[Opening Dataset content section]

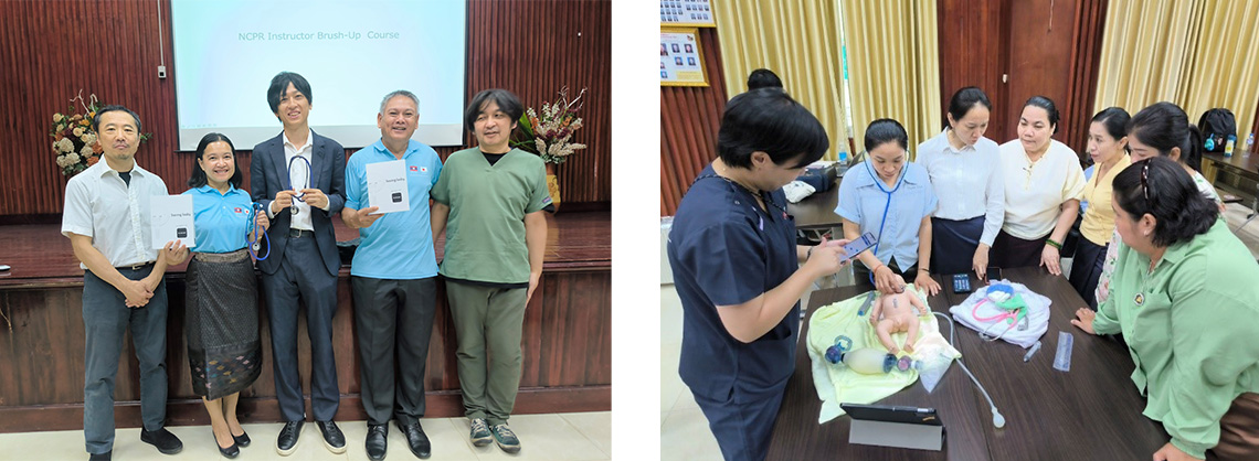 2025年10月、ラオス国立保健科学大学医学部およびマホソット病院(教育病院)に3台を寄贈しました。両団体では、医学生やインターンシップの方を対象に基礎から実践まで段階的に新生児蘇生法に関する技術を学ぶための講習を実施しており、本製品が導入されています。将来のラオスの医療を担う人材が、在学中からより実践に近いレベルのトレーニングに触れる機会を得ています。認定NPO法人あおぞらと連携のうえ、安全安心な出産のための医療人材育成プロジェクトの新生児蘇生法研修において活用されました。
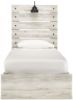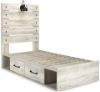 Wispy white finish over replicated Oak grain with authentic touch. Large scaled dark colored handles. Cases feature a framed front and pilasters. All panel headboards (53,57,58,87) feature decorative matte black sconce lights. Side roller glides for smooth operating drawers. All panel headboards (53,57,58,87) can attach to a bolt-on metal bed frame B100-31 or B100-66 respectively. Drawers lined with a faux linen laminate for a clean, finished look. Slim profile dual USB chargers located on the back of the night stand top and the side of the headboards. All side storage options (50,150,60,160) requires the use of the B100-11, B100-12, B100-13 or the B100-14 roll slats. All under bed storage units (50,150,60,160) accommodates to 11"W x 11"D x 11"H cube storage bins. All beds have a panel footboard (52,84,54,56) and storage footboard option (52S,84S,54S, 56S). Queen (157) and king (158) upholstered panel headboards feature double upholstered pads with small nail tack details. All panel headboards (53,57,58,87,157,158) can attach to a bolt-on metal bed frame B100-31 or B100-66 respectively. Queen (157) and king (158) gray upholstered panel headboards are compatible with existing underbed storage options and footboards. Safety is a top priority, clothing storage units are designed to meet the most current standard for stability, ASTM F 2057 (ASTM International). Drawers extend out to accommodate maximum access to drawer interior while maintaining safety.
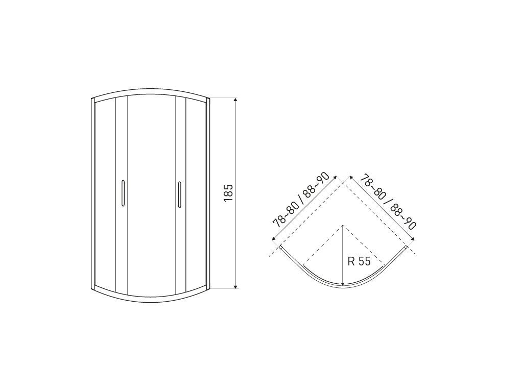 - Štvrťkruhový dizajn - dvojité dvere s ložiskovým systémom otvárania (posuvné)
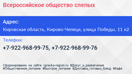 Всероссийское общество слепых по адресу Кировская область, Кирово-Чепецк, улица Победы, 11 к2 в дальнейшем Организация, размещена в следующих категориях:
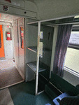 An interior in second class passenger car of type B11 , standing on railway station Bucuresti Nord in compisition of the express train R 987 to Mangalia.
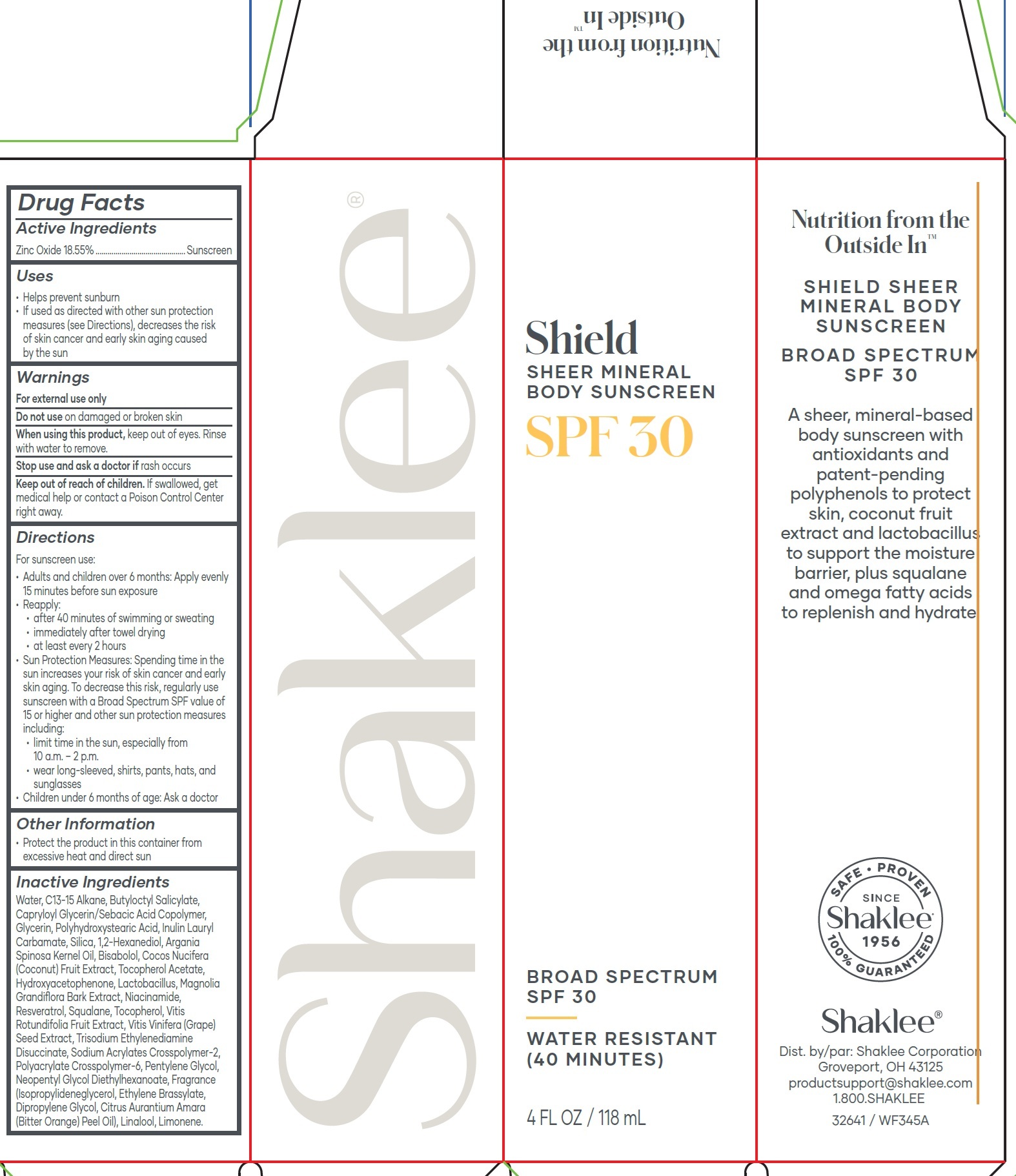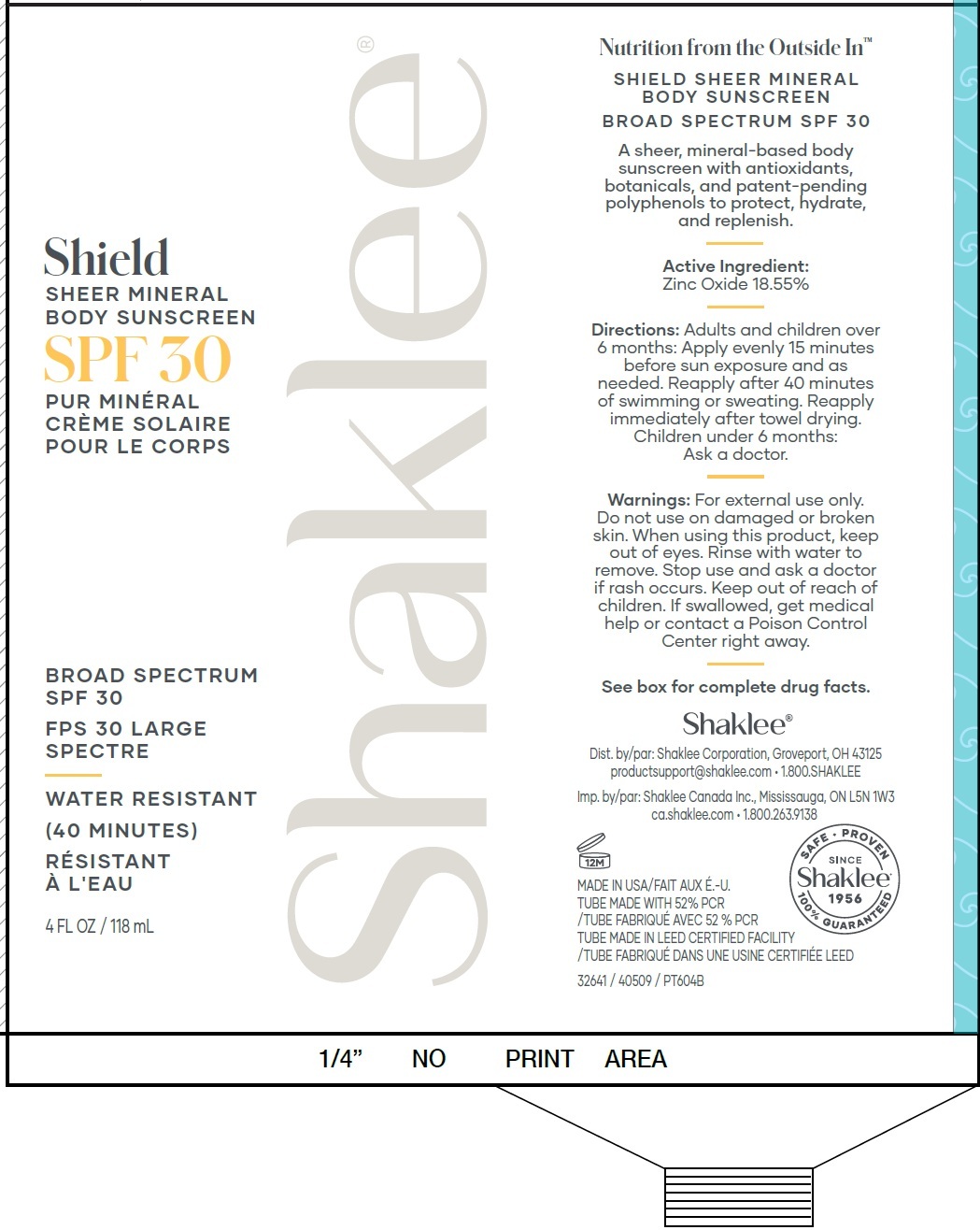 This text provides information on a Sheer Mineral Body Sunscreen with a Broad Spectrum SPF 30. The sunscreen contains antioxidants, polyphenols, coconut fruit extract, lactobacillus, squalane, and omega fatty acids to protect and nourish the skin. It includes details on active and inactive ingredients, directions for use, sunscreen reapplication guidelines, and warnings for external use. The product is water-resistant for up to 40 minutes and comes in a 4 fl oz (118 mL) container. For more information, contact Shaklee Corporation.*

[Closing Dataset content section]

- _Work request_
Print the records again exactly, pictures excluded.

- _Answer section_
 2025年10月、ラオス国立保健科学大学医学部およびマホソット病院(教育病院)に3台を寄贈しました。両団体では、医学生やインターンシップの方を対象に基礎から実践まで段階的に新生児蘇生法に関する技術を学ぶための講習を実施しており、本製品が導入されています。将来のラオスの医療を担う人材が、在学中からより実践に近いレベルのトレーニングに触れる機会を得ています。認定NPO法人あおぞらと連携のうえ、安全安心な出産のための医療人材育成プロジェクトの新生児蘇生法研修において活用されました。
 Wispy white finish over replicated Oak grain with authentic touch. Large scaled dark colored handles. Cases feature a framed front and pilasters. All panel headboards (53,57,58,87) feature decorative matte black sconce lights. Side roller glides for smooth operating drawers. All panel headboards (53,57,58,87) can attach to a bolt-on metal bed frame B100-31 or B100-66 respectively. Drawers lined with a faux linen laminate for a clean, finished look. Slim profile dual USB chargers located on the back of the night stand top and the side of the headboards. All side storage options (50,150,60,160) requires the use of the B100-11, B100-12, B100-13 or the B100-14 roll slats. All under bed storage units (50,150,60,160) accommodates to 11"W x 11"D x 11"H cube storage bins. All beds have a panel footboard (52,84,54,56) and storage footboard option (52S,84S,54S, 56S). Queen (157) and king (158) upholstered panel headboards feature double upholstered pads with small nail tack details. All panel headboards (53,57,58,87,157,158) can attach to a bolt-on metal bed frame B100-31 or B100-66 respectively. Queen (157) and king (158) gray upholstered panel headboards are compatible with existing underbed storage options and footboards. Safety is a top priority, clothing storage units are designed to meet the most current standard for stability, ASTM F 2057 (ASTM International). Drawers extend out to accommodate maximum access to drawer interior while maintaining safety.
 - Štvrťkruhový dizajn - dvojité dvere s ložiskovým systémom otvárania (posuvné)
 Всероссийское общество слепых по адресу Кировская область, Кирово-Чепецк, улица Победы, 11 к2 в дальнейшем Организация, размещена в следующих категориях:
 An interior in second class passenger car of type B11 , standing on railway station Bucuresti Nord in compisition of the express train R 987 to Mangalia.
 This text provides information on a Sheer Mineral Body Sunscreen with a Broad Spectrum SPF 30. The sunscreen contains antioxidants, polyphenols, coconut fruit extract, lactobacillus, squalane, and omega fatty acids to protect and nourish the skin. It includes details on active and inactive ingredients, directions for use, sunscreen reapplication guidelines, and warnings for external use. The product is water-resistant for up to 40 minutes and comes in a 4 fl oz (118 mL) container. For more information, contact Shaklee Corporation.*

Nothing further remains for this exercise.